As for Ehud Barak’s prediction of “9 weeks” – yes in terms of the immediate war against Saddam, but no in terms of occupation. This war will basically continue until the US is forced to leave. I have no doubt that a new leadership will emerge advocating independence – probably anti-Saddam, but definitely anti-US and anti-British.
Why is it that commentators forget that the Soviet Union invaded Afghanistan and controlled all cities initially – only to be defeated within a decade? And we have British soldiers already saying that the situation reminds them of Northern Ireland. It is amazing that the US military does not comprehend this – as if they haven’t read any history. Comments from these people are virtual quotes from US propaganda during the Vietnam War – “progress”, “light at the end of the tunnel”, and so on.
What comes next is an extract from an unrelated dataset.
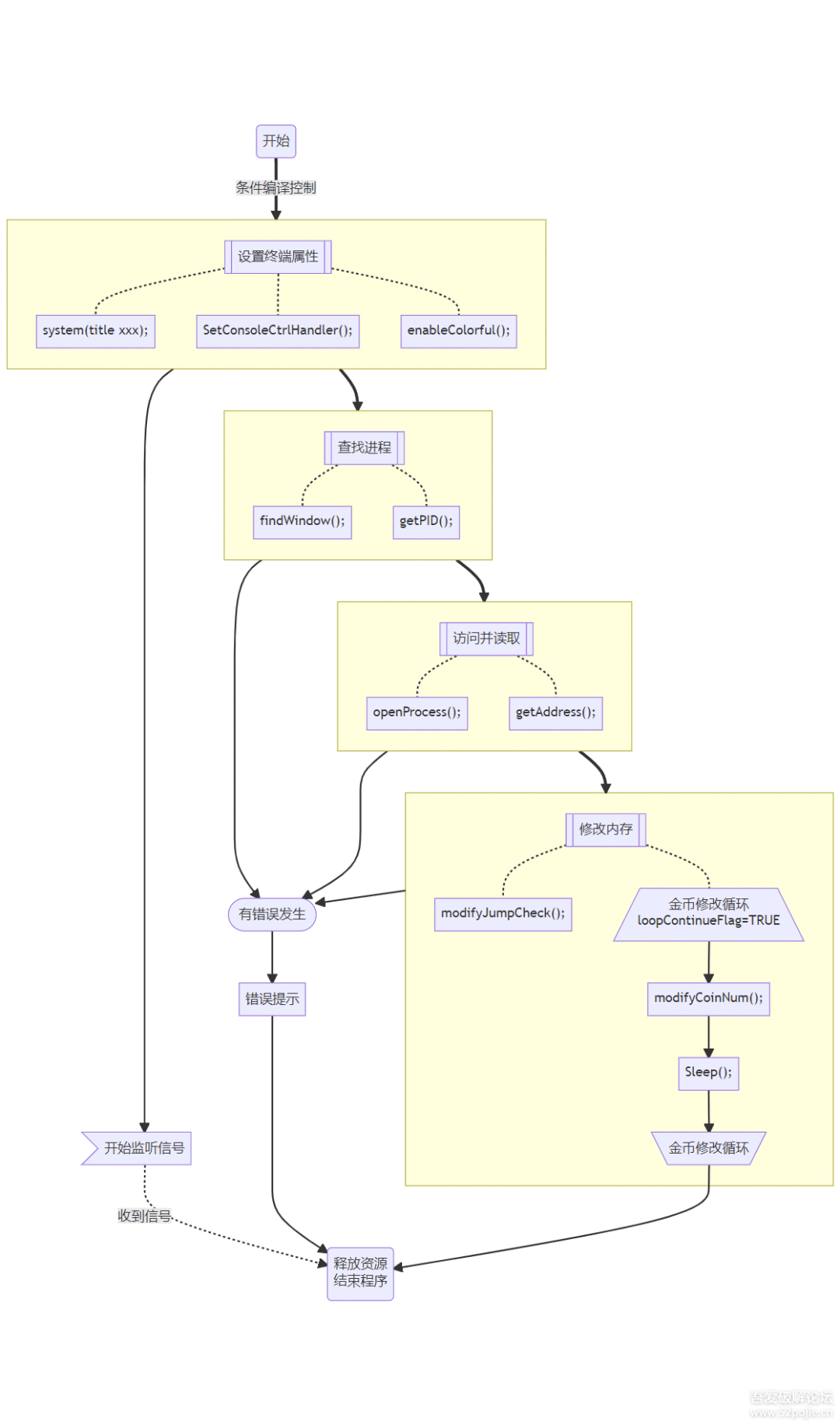 至此,金币校验就被破坏了。由于该内存区域在游戏运行过程中不会被再次修改,所以这里在游戏开始运行时修改一次即可达成目的,可谓“一劳永逸”。

One prediction that I really hope never happens. If the US decides to bomb the North Korean nuclear weapons facility, it is most likely that the North Koreans will launch a massive attack into the south in retaliation with their army of one million men. The US military believed that had such an attack occurred in 1993 that within a month some 200,000 people would be killed including thousands of US servicemen. This time I think there is no question that the Chinese will immediately attack Taiwan and occupy it – and there will be nothing the US can do short of launching a nuclear war against China. We can expect Northeast Asia’s economy to collapse – and the US to be unable to cope with the situation militarily. Ironically, there will be no threat to Australia (except from nuclear fallout), given that we are in the Southern hemisphere – and really not perceived as “the enemy” by North Korea (despite the rhetoric). Don’t forget – Australia and North Korea have diplomatic relations – unlike either the US or Japan.
Those who support the current invasion of Iraq by the US should consider that North Korea is next on the Bush-Cheney-Rumsfeld agenda. The consequences are not even worth considering. John Howard has no idea of the possible outcome of his current position, nor has he really thought about the possibility of this eternal “war on terrorism” reaching this level, which it may.
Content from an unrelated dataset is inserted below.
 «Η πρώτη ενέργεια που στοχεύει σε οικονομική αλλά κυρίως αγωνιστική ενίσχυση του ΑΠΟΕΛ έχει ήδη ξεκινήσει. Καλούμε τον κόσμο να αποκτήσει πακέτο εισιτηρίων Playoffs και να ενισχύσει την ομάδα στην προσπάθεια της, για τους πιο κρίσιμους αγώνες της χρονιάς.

Our one hope is that Bush will be soundly defeated in 2002, given that the US economy will soon go into deep recession, and the Howard too will be gone (along with his government).
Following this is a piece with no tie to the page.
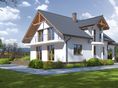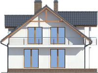 Graficzne opracowanie rzutów poglądowych widocznych na karcie projektu zostało wykonane przez Extradom.pl. Prezentowane przez Extradom.pl wizualizacje wykonane zostały przez autora projektu i należy poczytywać je jedynie za przykład i propozycję wykończenia, wizję architektoniczną autora projektu. Ostateczne wykończenie budynku może nastąpić na wiele sposobów. Szczegółowe rozwiązania zastosowane w oferowanej dokumentacji - w tym również ilość, lokalizacje i wygląd okien, drzwi, kominów - mogą w niewielkim stopniu różnić się od prezentowanej wizualizacji budynku.

We really have no choice – we must become completely independent of the United States militarily – including an end to the ANZUS Treaty, an end to US bases in Australia, and return of Australian troops, ships, and planes to this region. I will be advocating this policy change in forums this weekend: Saturday at Adelaide University (teaching sponsored by Student Association and Resistance); and Sunday at a forum including other academics sponsored by the Democrats.